THE PROBLEM - Print nothing beyond the line with "[装生] 乾燥機対応 紳士 あったか裏起毛 前開き スナップボタン ポロシャツ": every line from the beginning of the data up to it, that line included, and no pictures.

Segment Start: MATERIAL TO PROCESS

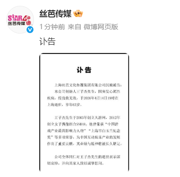 4月16日上午,上海丝芭文化传媒有限公司发布讣告,证实公司创始人王子杰因心源性疾病,于4月14日在上海去世,享年63岁。
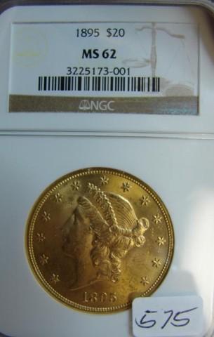 1895 $20.00 Liberty Gold Coin NGC MS 62
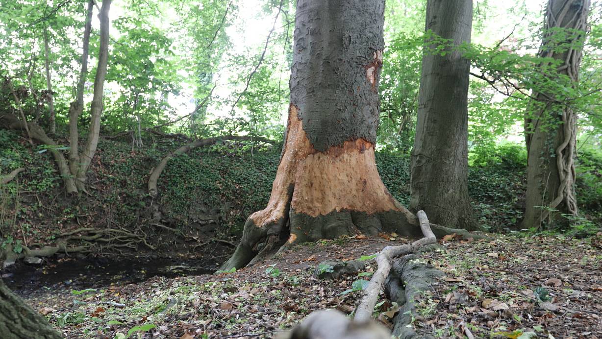 Löhne. In einem städtischen Waldstück an der Straße „Zum Flachsland“ haben Unbekannte die Rinde einer mehr als 40 Jahre alten Buche rund um den Stamm entfernt. Aufgefallen ist der Schaden am Wochenende vom 13. bis 14. Mai.
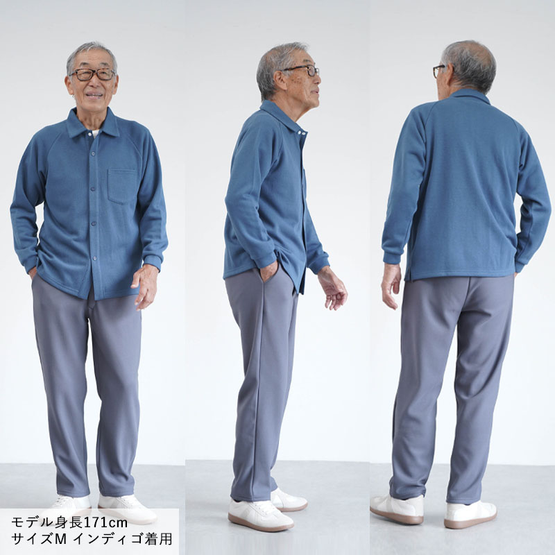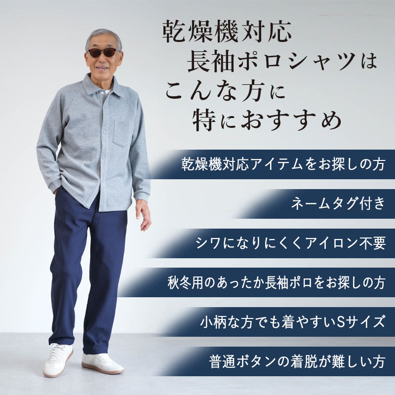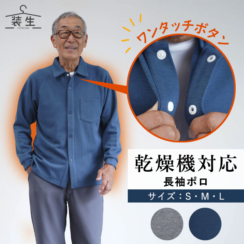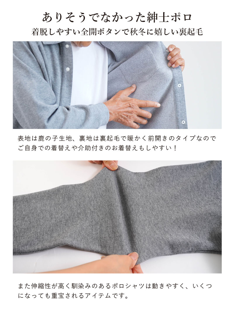 [装生] 乾燥機対応 紳士 あったか裏起毛 前開き スナップボタン ポロシャツ
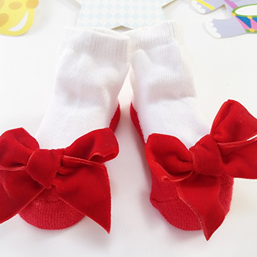 Sanlutoz ベビーソックス 新生児用靴下 女の子 赤ちゃん くつした お祝い 出産 祝い 可愛い プレゼント (12-24 M 対応足裏の長さ 11-13cm(薦め年齢:12-18ヶ月), 红绒)
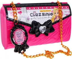Una volta aperta, la borsetta rosa si trasforma in una pratica mini toeletta, dove tutto è ordinatamente disposto. Il set stimola creatività, motricità fine e fantasia e permette di imitare in sicurezza il mondo degli adulti.
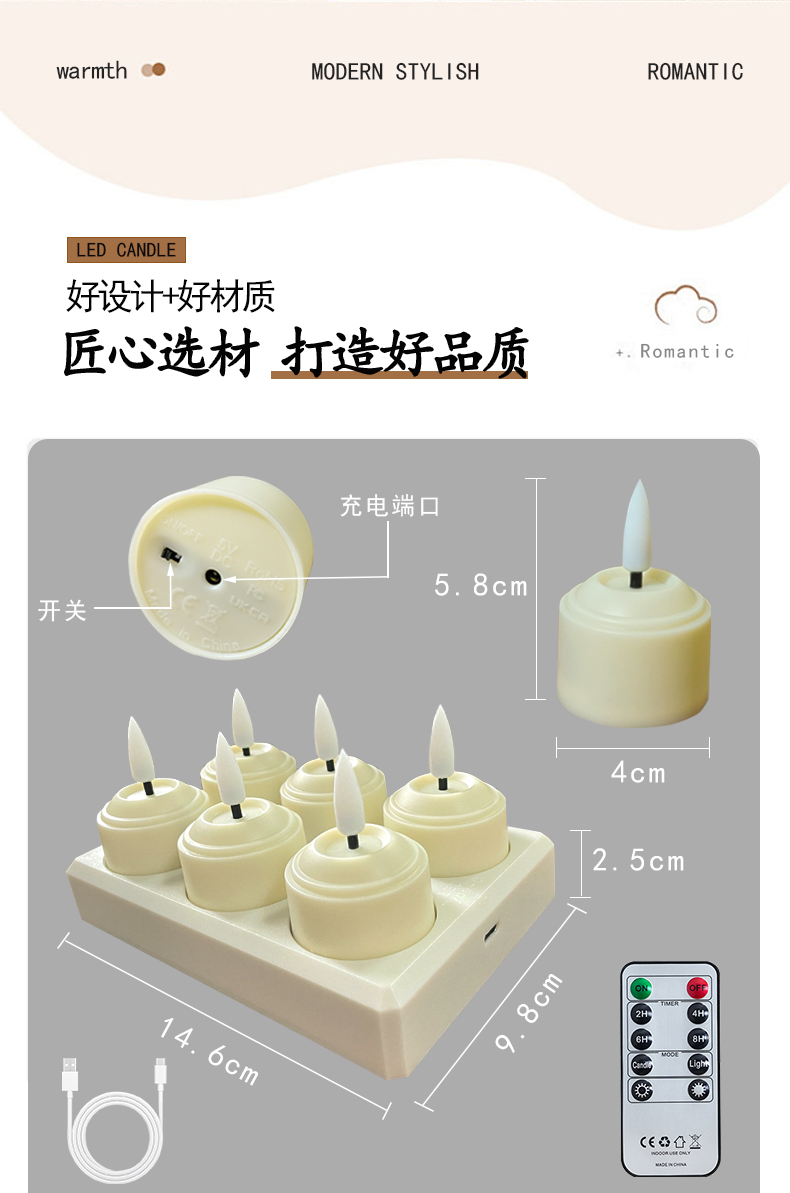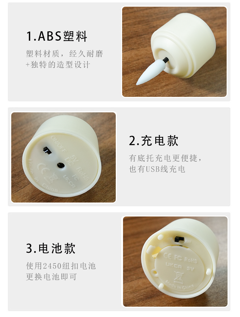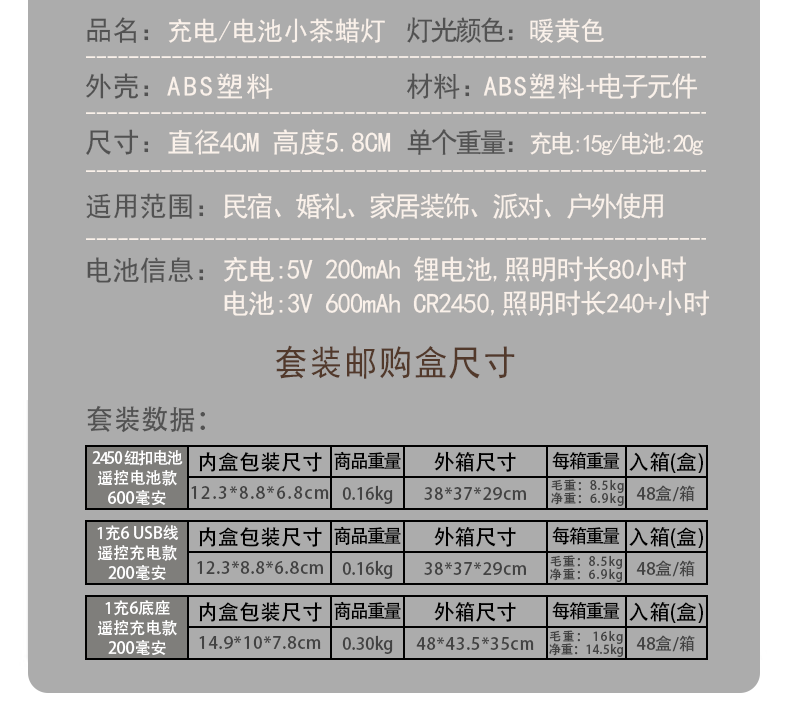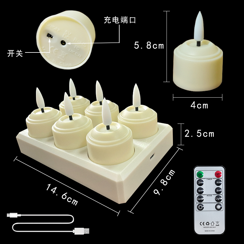 产品名称:充电茶蜡灯10键遥控使用80小时装饰灯酒吧餐厅小茶蜡万圣节圣诞节
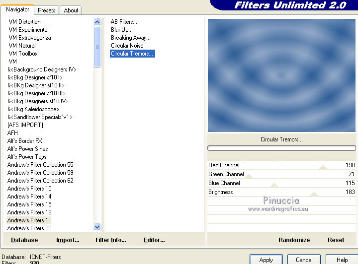 5. Effetti>Plugins>Filters Unlimited 2.0 - Andrews Filter 1 - Circular tremors, con i settaggi standard.
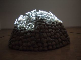 L’artista biellese raffigura un gruppo di manifestanti pacifisti, rappresentati con delle sagome fissate a uno specchio, in modo tale che gli osservatori vi si riflettano diventando parte integrante dell’opera stessa. L’installazione di Merz, invece, riporta sulla creta una frase del comandante, composta da tubi di neon luminosi: “Se il nemico si concentra, perde terreno, se si disperde, perde forza”. Una forma, quella della calotta, abitazione minimale degli eschimesi, scelta dall’artista a partire dal ‘67 come rimando a uno stadio primordiale della civiltà umana, a contatto diretto con la natura. Proprio come immerso in un’oasi naturale è il Viet Caffè, che quest’estate ha festeggiato il suo primo anno di attività.
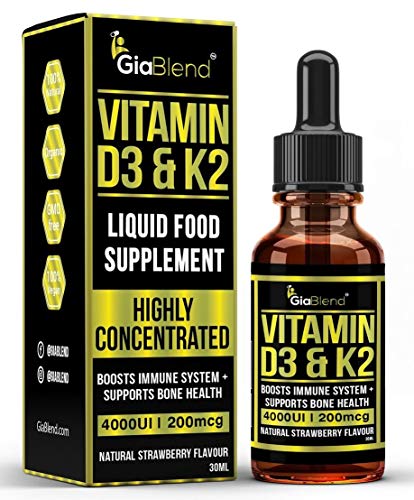GiaBlend Vitamin D3 (4000UI) & K2 (200mcg) Liquid Vitamin Drops – Maximum Strength, Plant-Based, Vegan, Gluten Free…
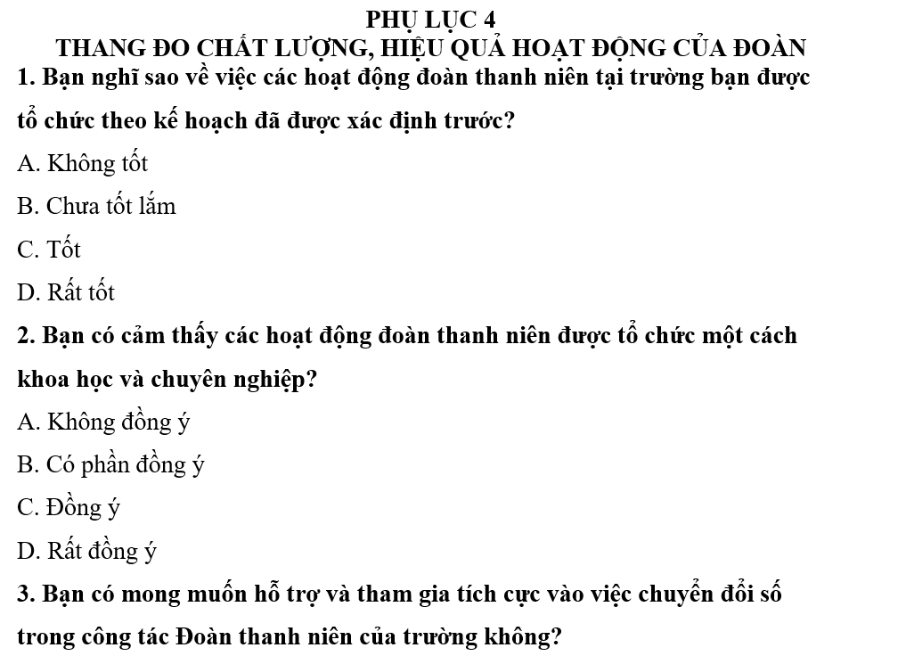 💢PHỤ LỤC THANG ĐO CHẤT LƯỢNG, HIỆU QUẢ HOẠT ĐỘNG ĐOÀN
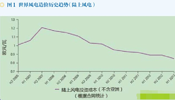 風(fēng)電成本逐漸下降。從投資成本(包括風(fēng)機、并網(wǎng)、基建、其他設(shè)施以及安裝等等)來看,2009年全球風(fēng)電投資成本為每千瓦1450~2600美元。隨著原材料(鋼鐵、銅)成本逐漸下降、供需情況出現(xiàn)逆轉(zhuǎn)以及制造商競爭激烈等因素影響,目前全球風(fēng)電成本有所下降而且范圍更加寬泛,達(dá)到每千瓦1100(中國)~2600美元(日本),其中美國與西歐分別為每千瓦1600美元以及1700美元。相比2008年,2013年,全球(不含亞洲)風(fēng)電投資成本已經(jīng)下降近1/3,具體如圖1所示。
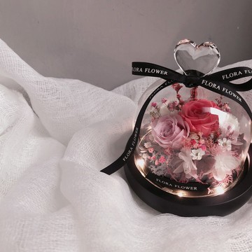Flora Flower永生花愛心玻璃罩夜燈-桃粉色系

Segment End: MATERIAL TO PROCESS

FINISHED EXERCISE -
 4月16日上午,上海丝芭文化传媒有限公司发布讣告,证实公司创始人王子杰因心源性疾病,于4月14日在上海去世,享年63岁。
 1895 $20.00 Liberty Gold Coin NGC MS 62
 Löhne. In einem städtischen Waldstück an der Straße „Zum Flachsland“ haben Unbekannte die Rinde einer mehr als 40 Jahre alten Buche rund um den Stamm entfernt. Aufgefallen ist der Schaden am Wochenende vom 13. bis 14. Mai.
 [装生] 乾燥機対応 紳士 あったか裏起毛 前開き スナップボタン ポロシャツ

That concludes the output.